On March 15, 2025, the United States Agency for Global Media terminated grants to the Middle East Broadcasting Networks, Radio Free Europe/Radio Liberty and Radio Free Asia following a directive from the Trump Administration. As a result, MBN was forced to furlough over 90% of its staff and drastically reduce its programming. This abrupt funding cut, which was part of a broader executive order to dismantle USAGM, led MBN to file a lawsuit against the Trump administration, arguing the termination violated congressional appropriations and the U.S. Constitution. The courts responded with a preliminary injunction to block the shutdown and restore some protections for international broadcasters like MBN, but ongoing appeals kept the organization’s future uncertain and operations significantly curtailed.

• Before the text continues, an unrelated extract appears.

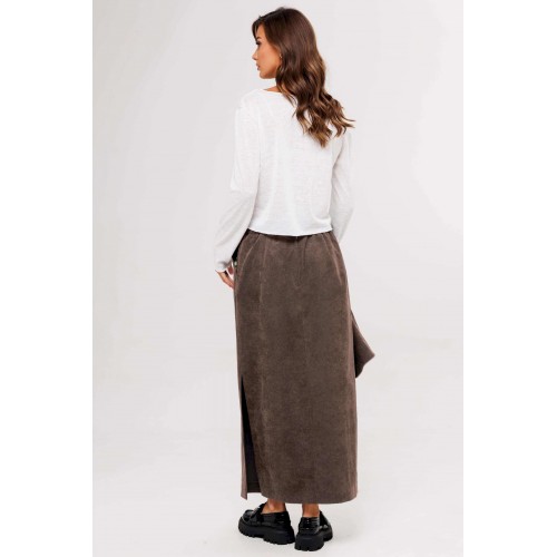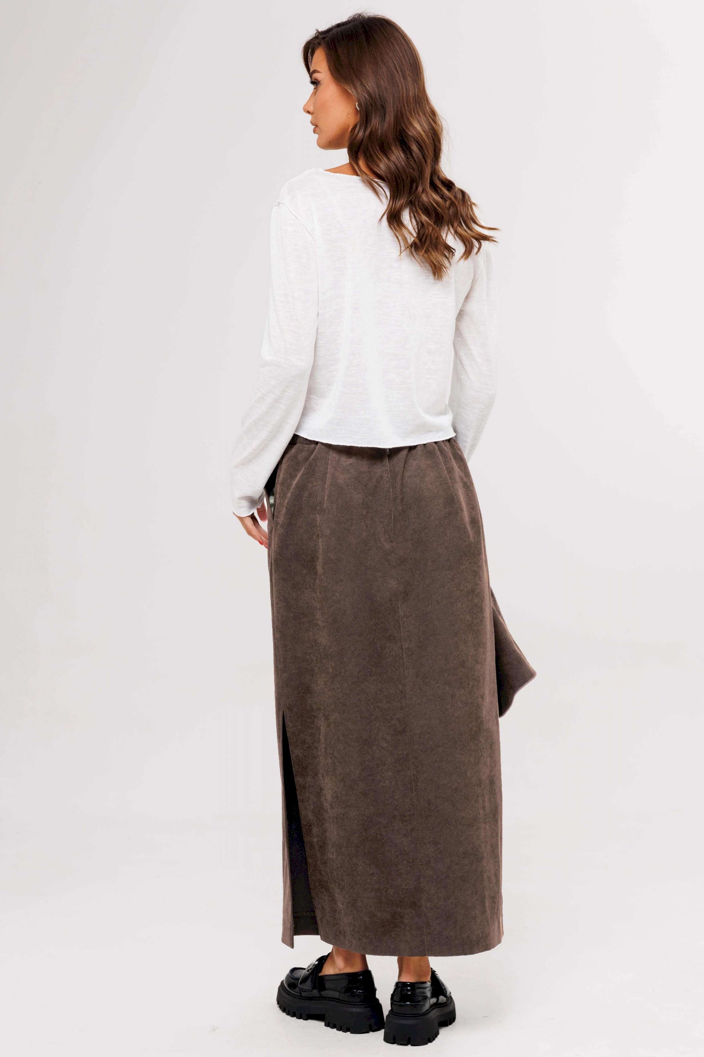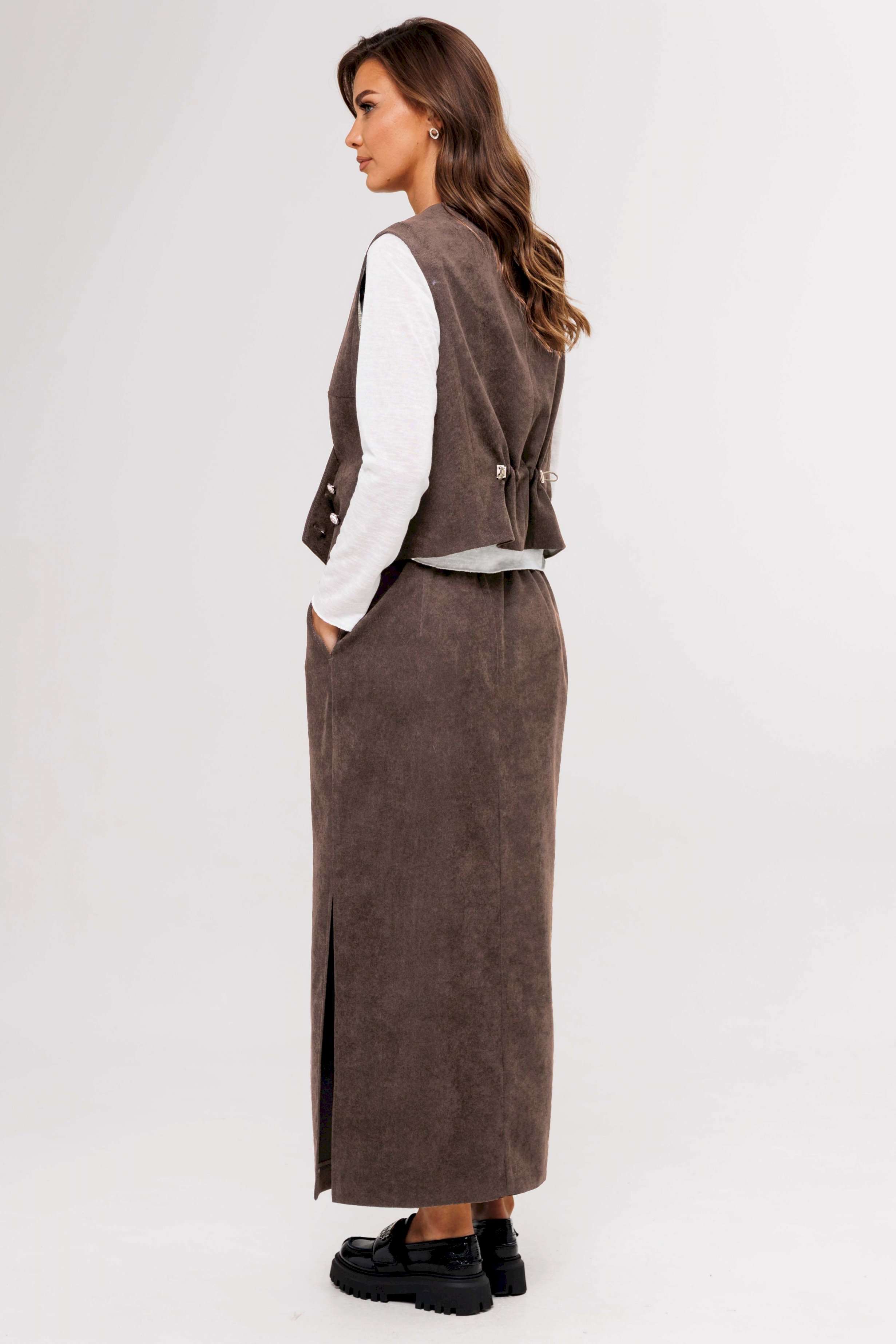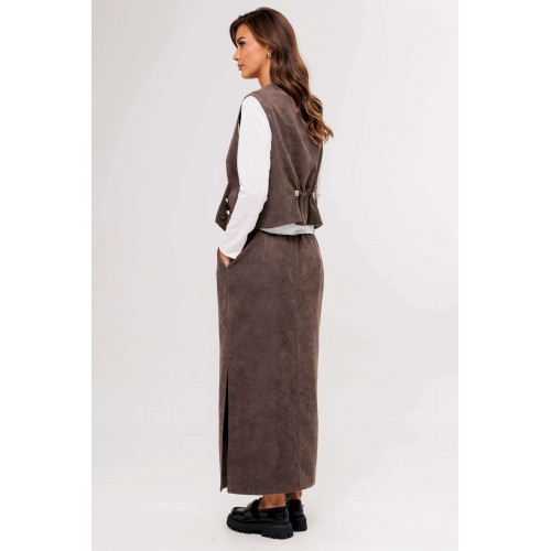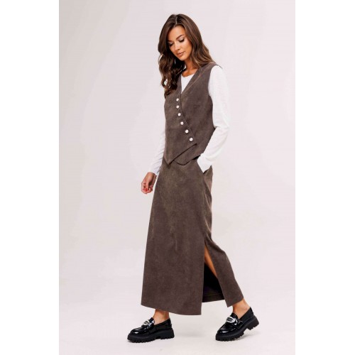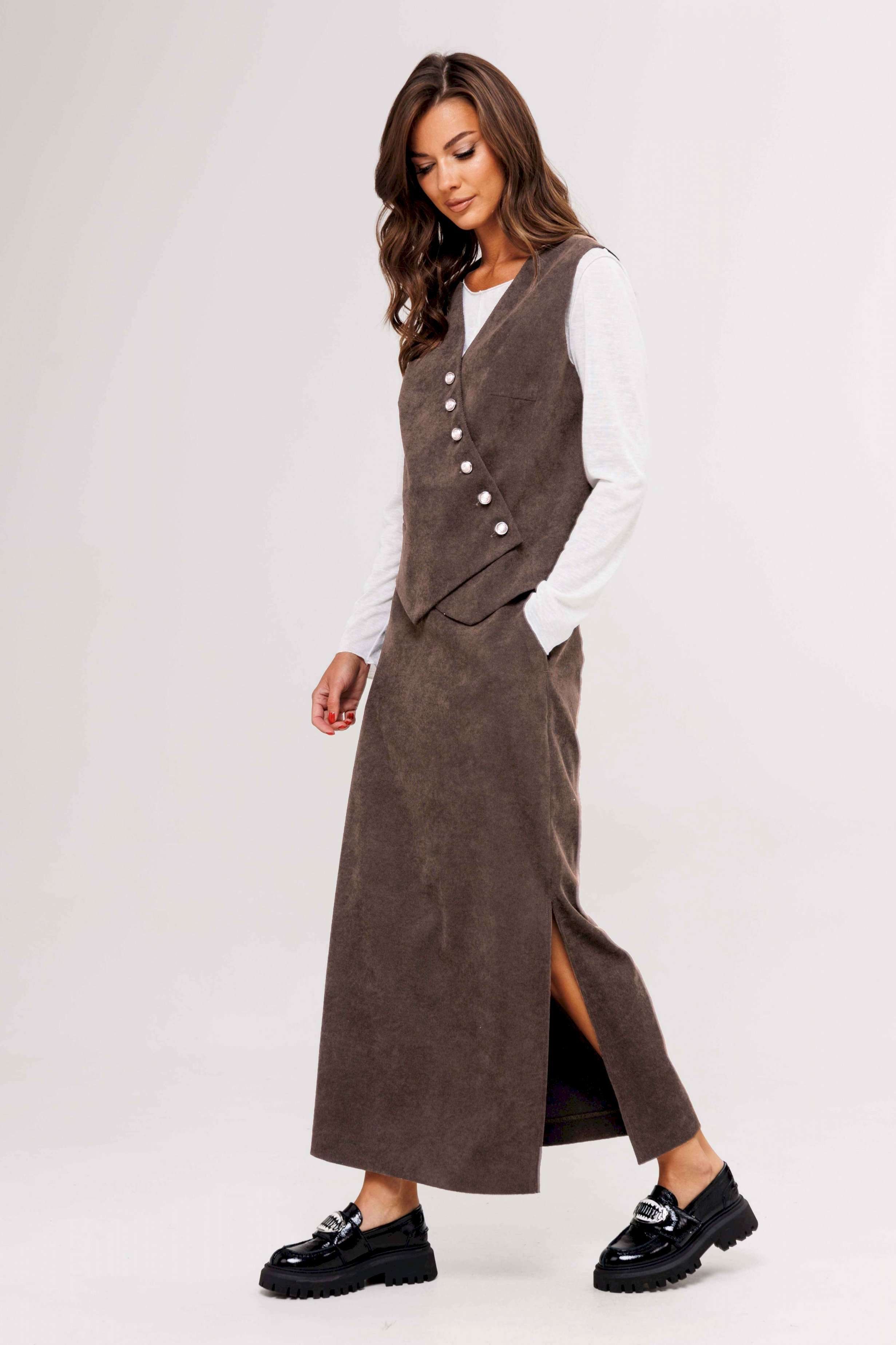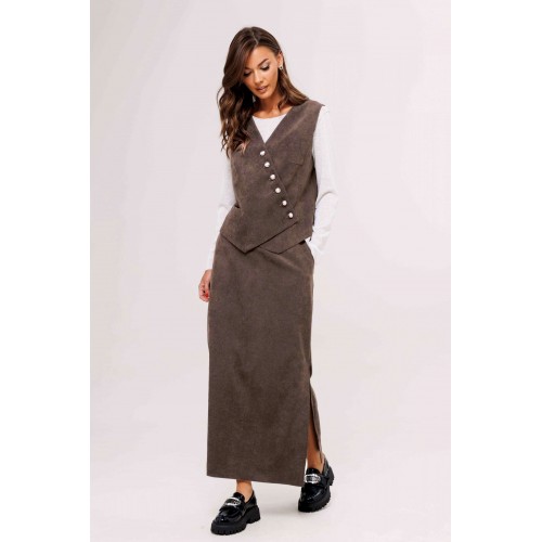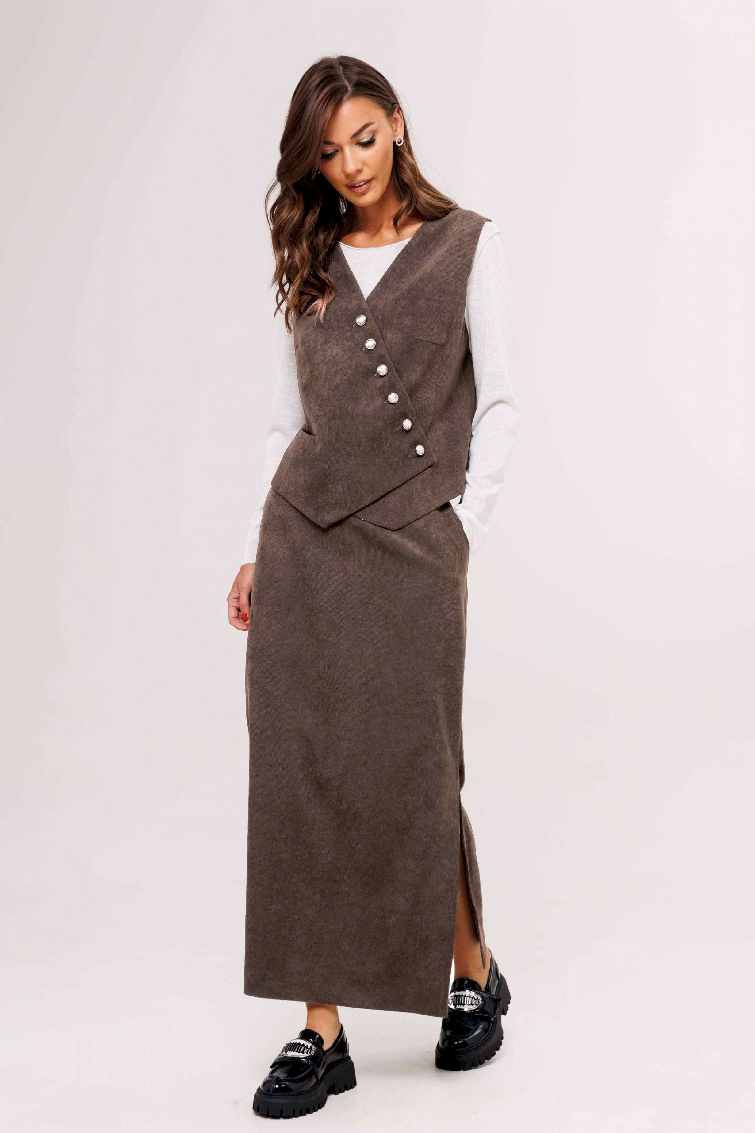 Костюм с жилетом - прекрасное решение для смелых экспериментов. Выполненный в ахроматической цветовой гамме, он позволяет дополнять себя различными аксессуарами и создавать каждый раз новые актуальные образы. Жилет полуприлегающего силуэта с асимметричной застёжкой, фигурной линией низа и регулирующийся кулисе по спинке. Полочки с отрезным бочком и нагрудными вытачками, спинки - с центральным швом, отрезным бочком и регулирующийся кулисой с фиксаторами. Юбка прямая с застёжкой и боковыми карманами по переднему полотнищу, и разрезом сбоку, из текстильного трикотажного полотна эффекта \"\"вельвет\"\". Пояс эластичный в области спинки. Джемпер трикотажный, с длинным рукавом, полуприлегающего силуэта.

The funding cuts received criticism from press freedom organizations, including the Committee to Protect Journalists, which argued that the move undermined the United States’ stated commitment to supporting free and independent media in the Middle East and North Africa region.

The organization and its staff defied the executive order and initially remained on the air while considering legal action to challenge the presidential directive. After ceasing television broadcasts, MBN’s remaining digital platforms — including its website (Alhurra.com) and official Facebook and YouTube channels — have provided real-time coverage of major events like the Israel–Iran conflict, drawing millions of online viewers even as the network’s future remained uncertain.

==Programming==

Alhurra has increasingly emphasized digital-first, multimedia content tailored for online and mobile audiences in the Middle East and North Africa. The network produces original short-form video features, social-first series, and investigative content distributed across platforms such as YouTube and other digital outlets.

Featured segments include:

- Debatable with Ibrahim Eissa.
- The Diplomat, hosted by Joe Kawly, a podcast that offers listeners a behind-the-scenes look at U.S. foreign policy.
- Bitter Sweet, hosted by Rami El Amine.
- What’s the Story, hosted by Aya Elbaz.
- Close Up, hosted by Randa Jebai, is a multimedia investigative segment.